The evidence strongly points to Obama not really caring much about debt reduction right now. It also points to him believing – as do many left-of-center economists – that the debt issue is a long-term problem and that any near-term austerity is big risk with such a weak economy. Macroeconomic Advisers, a economic consulting firm respected by the White House, just put out this analysis of the the debt reduction plan put forward by Obama’s commission (bold is mine):
Assuming current fiscal policies remain in force, our economic model suggests that interest rates will rise considerably over the next decade, with the yield on the 10-year Treasury note reaching nearly 9% by 2021. We estimated the effects of a fiscal contraction that is patterned after the so-called Bowles-Simpson plan and that averts this dire scenario. The plan would pare more than $4 trillion from the federal debt by 2021 relative to current policy. Roughly two thirds of this contraction is from spending cuts, the rest from tax increases. For a given path of long-dated yields, the macroeconomic effects of the fiscal contraction are sizable. “Fiscal drag” would reduce real GDP growth by 0.4 to 0.5 percentage point per year through 2015, leaving the unemployment rate a percentage point higher by then.
This is key: Keynesian models like this assume all spending cuts and taxes increases slow growth by reducing overall demand. (Former Obama economist Christina Romer, however, thinks tax increases are less harmful.) The White House has the same kind of models. Slower growth hurts incomes and jobs, which, in turn, hurts the standing of the guy in the Oval Office.

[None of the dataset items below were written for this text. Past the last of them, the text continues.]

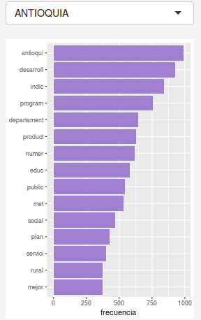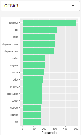 Filtra por los departamentos. Cada departamento resalta las 15 palabras (raíces) más mencionadas en cada Plan de Desarrollo.
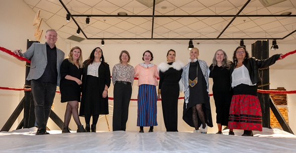 Left to right: Jonathan Shaughnessy, Sarah Moore Fillmore, Dr. Heather Igloliorte, Jane Isakson, Aubyn O’Grady, Randi Nelson, Jeneen Frei Njootli, Meshell Melvin, Jackie Olson. Photo: Bruce Barrett
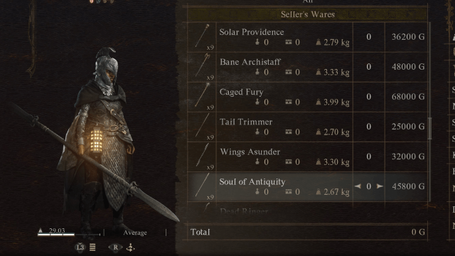 Players looking to obtain the Soul of Antiquity can purchase it from Awaran’s Arms in Bakbattahl for 45800 gold. If you are brave enough to enter Bakbattahl before getting a pass to acquire this Duospear early, go for it.
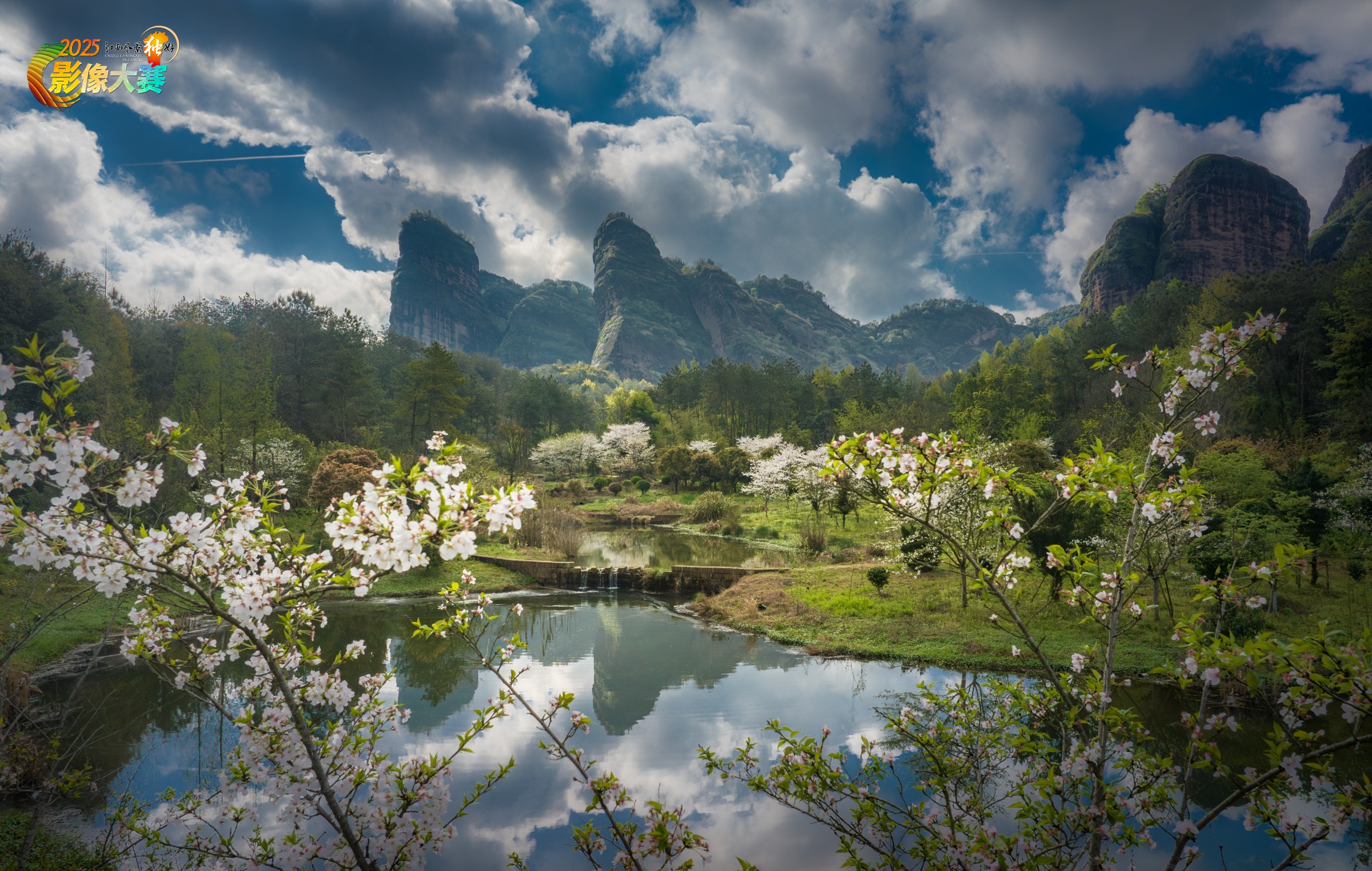 丹霞山峰在蓝天白云下尽显雄浑,山间绿树成荫,近处的湖泊如镜,倒映着天光云影与烂漫的樱花,将丹霞的壮美与春日的柔美巧妙融合。
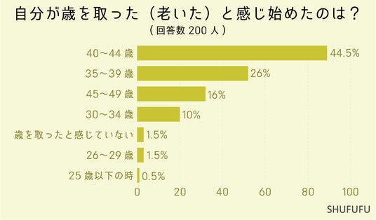 自分が歳を取った(老いた)と感じ始めたのは?の問いに対して最も多かったのが「40~44歳(44.5%)」でした。 次いで「35~39歳(26%)」「45~49歳(16%)」という結果でした。 30代後半から40代後半にかけて年齢を感じるようになった方が多いようです。

There is a high likelihood that Obama believes spending cuts and tax increases in 2011 and 2012 would hurt his re-election. This is why he would prefer a clean debt ceiling bill – or, since that is not possible, a debt reduction bill that’s as small as possible. (Or, even better, one with a bit more stimulus in it, like a payroll tax cut extension.) Every dollar in spending cuts or tax hikes makes him just a bit more likely to lose in 2012. From his perspective, better to push off austerity to 2013 — 0r beyond.